Power system given. For the assignment of the correction matrix M, there are two possibilities:

A correction vector M is assigned to a configuration vector x, which was determined in the pose gDK (x), which was determined by using the

 Control function was approached on x (where usually applies: gDK (x) + DK (x)). This is the case, for example, if the correction matrix is determined on the basis of a model of the ideal kinematics.

A correction vector M is assigned to a configuration vector x, which was determined in the pose DK (x). This is the case, for example, if the correction matrix is determined on the basis of a model in which the corrected activation function (without consideration of exogenous pose errors) is already being applied.

A drive function that has both error effects, i. Design tolerances and external influences and / or impacts, considered, obtained by

Successive execution of the corrected drive function and the compensation of the acting force magnitude system.

In special cases, e.g. if the transformation function for calibration and the correction function is a vector addition, then the order of execution of calibrated activation function and compensation of the acting force quantity system does not matter.

2. Determination of a local correction matrix for the compensation of thermoelastic deformations

Reduces the influence of thermoelastic deformation on the linear

Extension of the hinge rods of a hexapod, ie on "leg length changes", the temperature compensation by correction vectors in the configuration space is easy to obtain.This case is trivial and will not be considered further. In the following, general kinematics are assumed to be based on the use of finite element software. First, the corrections in the configuration space are determined for each element of the pose sample set in the form of a DOFxDOF correction matrix T (diagonal matrix). The vector of the corrective leg length change in these poses is obtained by multiplying this matrix by the temperature-induced difference that has occurred

(Temperature drift).

The correction matrices of the sample set are then analyzed by interpolation,

Extrapolation or approximation extended to the entire configuration space.

Given a pose and given temperature drift, the correction matrix associated with the pose is first calculated and then multiplied by the temperature drift to obtain correcting leg length changes.

The determination of the global correction map is analogous to that for the correction of the power system.

In general, correction quantities (and global correction maps) for other external influences can be determined in an analogous manner.

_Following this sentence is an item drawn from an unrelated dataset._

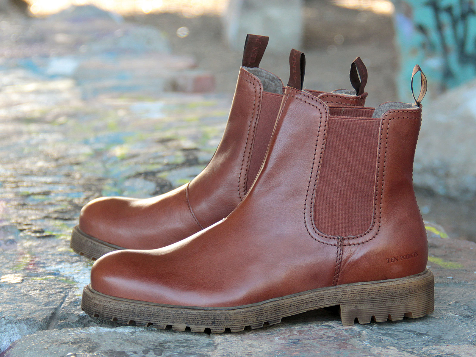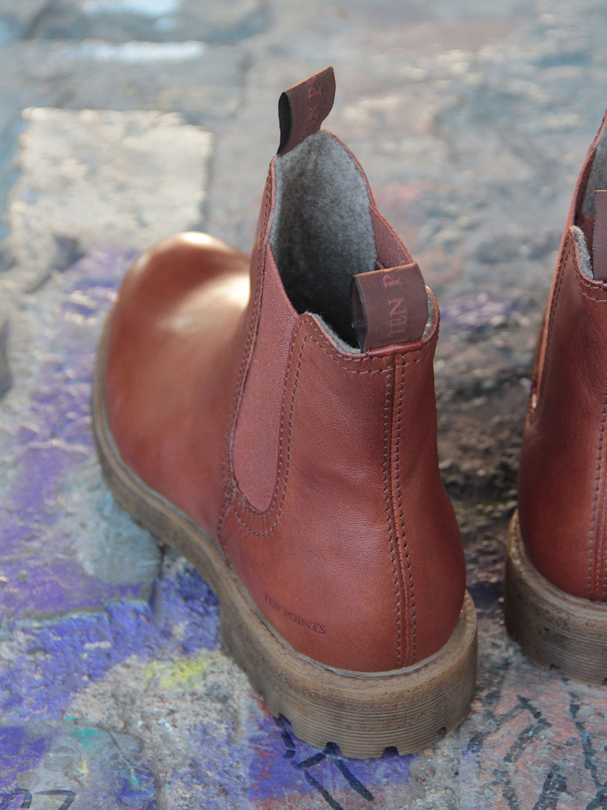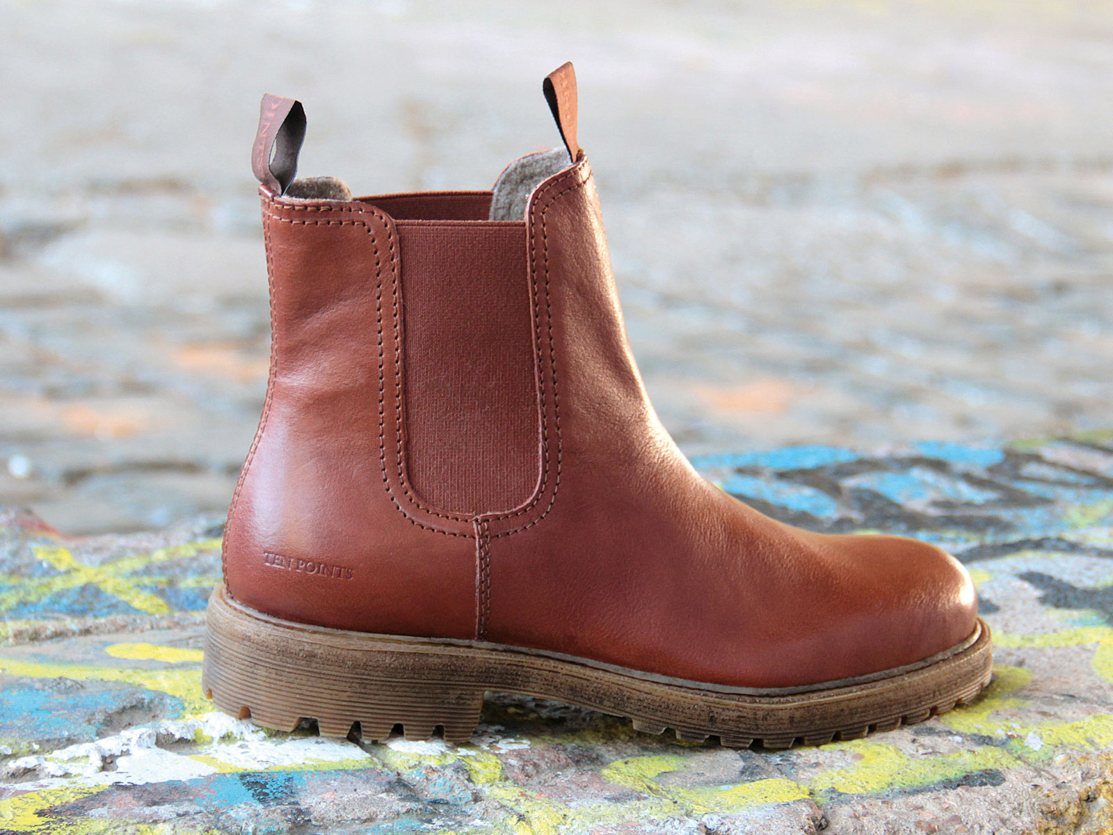 Herrenwinterschuhe mit hoher Qualiät aus Echtleder Bequemer Boot mit guter Passform und einem wärmenden Wollfutter. Die knöchelhohe Form mit zwei praktischen Anziehschlaufen ist klassisch geschnitten und lässt sich gut zu sportlichen Outfits kombinieren. Durch die Stretcheinsätze an beiden Seiten sitzt ESKIL perfekt am Fuß.Auch die Innensohle ist mit Wollfilz bezogen, ein Material das gut Feuchtigkeit aufnehmen kann und die Füße warm und trocken hält. Die Gummisohle dämpft den Auftritt, isoliert gegen kalte Böden und gibt mit einem kräftigen Profil guten Halt.Das pflanzlich gegerbte Glattleder, das für den besonderen Look von Struktur und Glanz in verschiedenen Techniken gewachst und gebürstet wird, ist hochwertig verarbeitet.Ten Points entwirft das Ökoschuhprogramm in Schweden und lässt die Schuhe nachhaltig und unter fairen Bedingungen in Portugal fertigen. Das Label steht für hochwertige Schuhmacherkunst mit Tradition, verbindet Funktionalität mit viel Komfort und setzt auf langlebige Materialien.
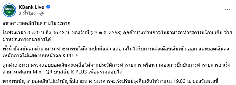 เมื่อวันที่ 23 ตุลาคม 2563 ศุนย์ประชาสัมพันธ์ธนาคารกสิกรไทย ได้ประกาศเเจ้งถึงลูกค้าทุกคน ผ่านช่องทางเพจเฟซบุ๊ก KBank Live โดยระบุว่า ธนาคารขออภัยในความไม่สะดวก ในช่วงเวลา 05:20 น ถึง 06.48 น. ของวันนี้ (23 ต.ค. 2568) ลูกค้าบางท่านอาจไม่สามารถทำธุรกรรมโอน เติม จ่ายผ่านช่องทางธนาคารได้

In addition to the described numerical temperature drift compensation, there is also the possibility of temperature drift compensation via measurements. The intrinsic

Correction and correction of exogenous temperature influence can be made in combination by measuring the intrinsic correction, e.g. at three different temperatures in the relevant temperature range makes (one goes from one

Equal tempering of the kinematics). The corresponding transformations of the configuration space are then by interpolation, approximation and or

Extrapolation in the temperature range added.

Another case of exogenous poses errors that can be compensated relates to a time-dependent heating and / or heating in which parts of a kinematics are exposed to different temperatures, as occurs, for example, when a kinematics is heated from the tool. The present invention uses

 (i) empirically obtained position compensation data, which for selected poses have been obtained from exogenous actions under certain conditions of operation, and / or

 (ii) data on the pose compensation, which may be simulated by simulation calculation. very computationally intensive.

The correction data of both variants have for torque components and

Force components a matrix structure. These represent a generalization of the transformation of the configuration space (each grid point of the

Configuration space is assigned a correction matrix.). Here is the

generalized transformation of the configuration space is the decisive step to the practical applicability of such compensation.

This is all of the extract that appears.